Work item — Word for word, restate the listing; omit the pictures.

Recorded data —
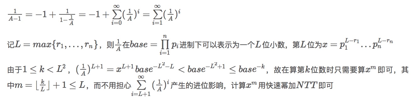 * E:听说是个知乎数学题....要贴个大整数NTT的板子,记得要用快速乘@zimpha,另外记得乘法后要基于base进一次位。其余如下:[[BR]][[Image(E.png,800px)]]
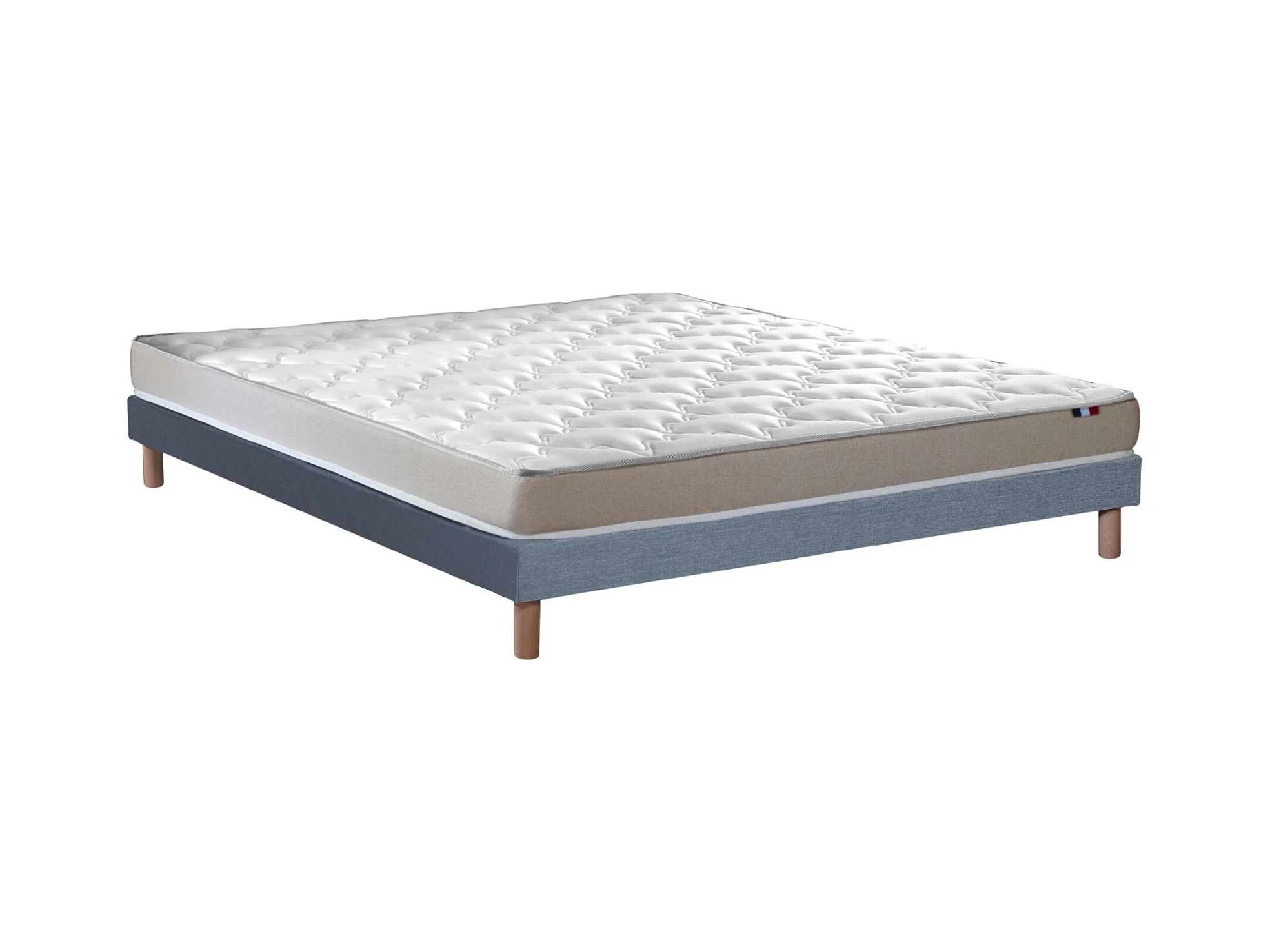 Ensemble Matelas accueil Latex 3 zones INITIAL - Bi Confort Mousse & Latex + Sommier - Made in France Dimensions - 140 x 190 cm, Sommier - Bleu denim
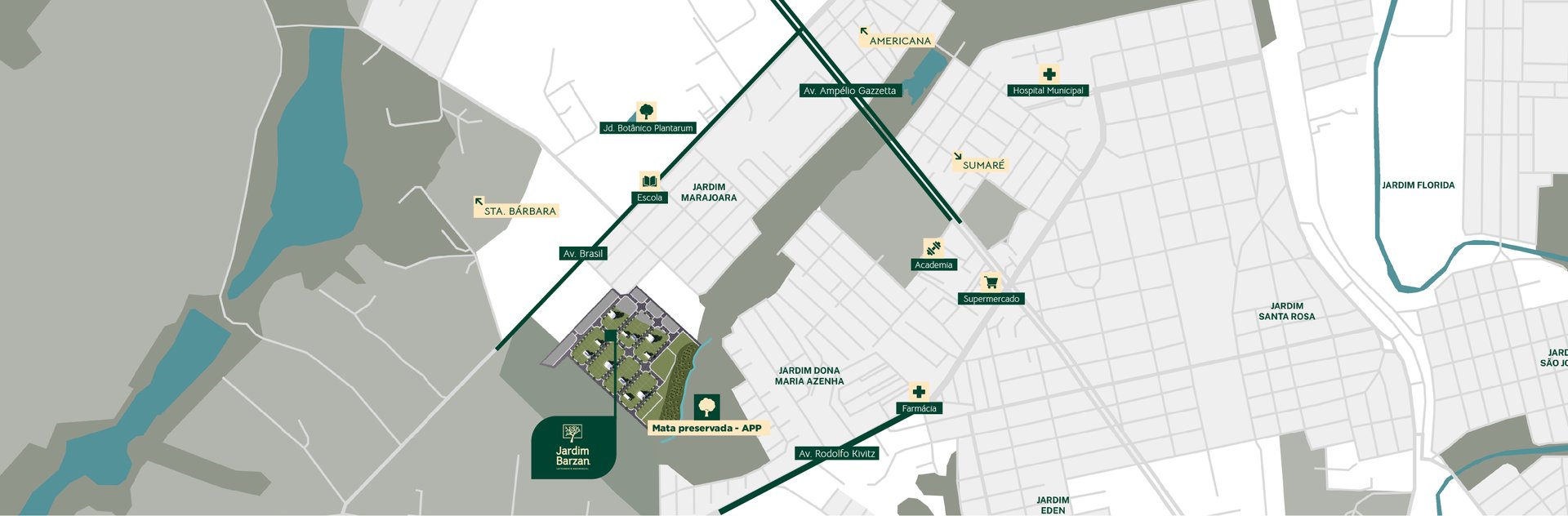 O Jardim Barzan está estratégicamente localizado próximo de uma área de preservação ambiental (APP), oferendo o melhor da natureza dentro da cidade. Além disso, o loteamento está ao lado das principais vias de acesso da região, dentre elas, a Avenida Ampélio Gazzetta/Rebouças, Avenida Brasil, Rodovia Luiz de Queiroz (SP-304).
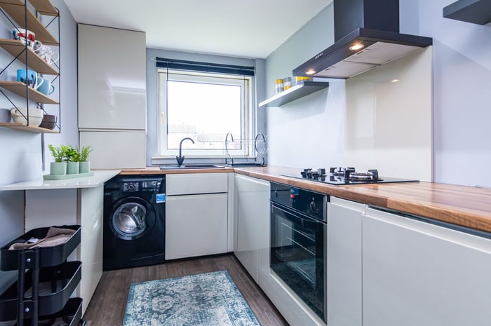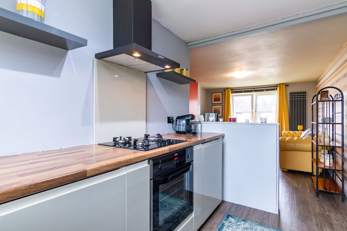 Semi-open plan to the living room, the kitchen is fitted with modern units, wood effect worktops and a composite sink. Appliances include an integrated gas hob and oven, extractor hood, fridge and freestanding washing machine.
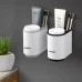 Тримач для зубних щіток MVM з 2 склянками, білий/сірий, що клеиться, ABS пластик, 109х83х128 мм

Exercise answer —
 * E:听说是个知乎数学题....要贴个大整数NTT的板子,记得要用快速乘@zimpha,另外记得乘法后要基于base进一次位。其余如下:[[BR]][[Image(E.png,800px)]]
 Ensemble Matelas accueil Latex 3 zones INITIAL - Bi Confort Mousse & Latex + Sommier - Made in France Dimensions - 140 x 190 cm, Sommier - Bleu denim
 O Jardim Barzan está estratégicamente localizado próximo de uma área de preservação ambiental (APP), oferendo o melhor da natureza dentro da cidade. Além disso, o loteamento está ao lado das principais vias de acesso da região, dentre elas, a Avenida Ampélio Gazzetta/Rebouças, Avenida Brasil, Rodovia Luiz de Queiroz (SP-304).
 Semi-open plan to the living room, the kitchen is fitted with modern units, wood effect worktops and a composite sink. Appliances include an integrated gas hob and oven, extractor hood, fridge and freestanding washing machine.
 Тримач для зубних щіток MVM з 2 склянками, білий/сірий, що клеиться, ABS пластик, 109х83х128 мм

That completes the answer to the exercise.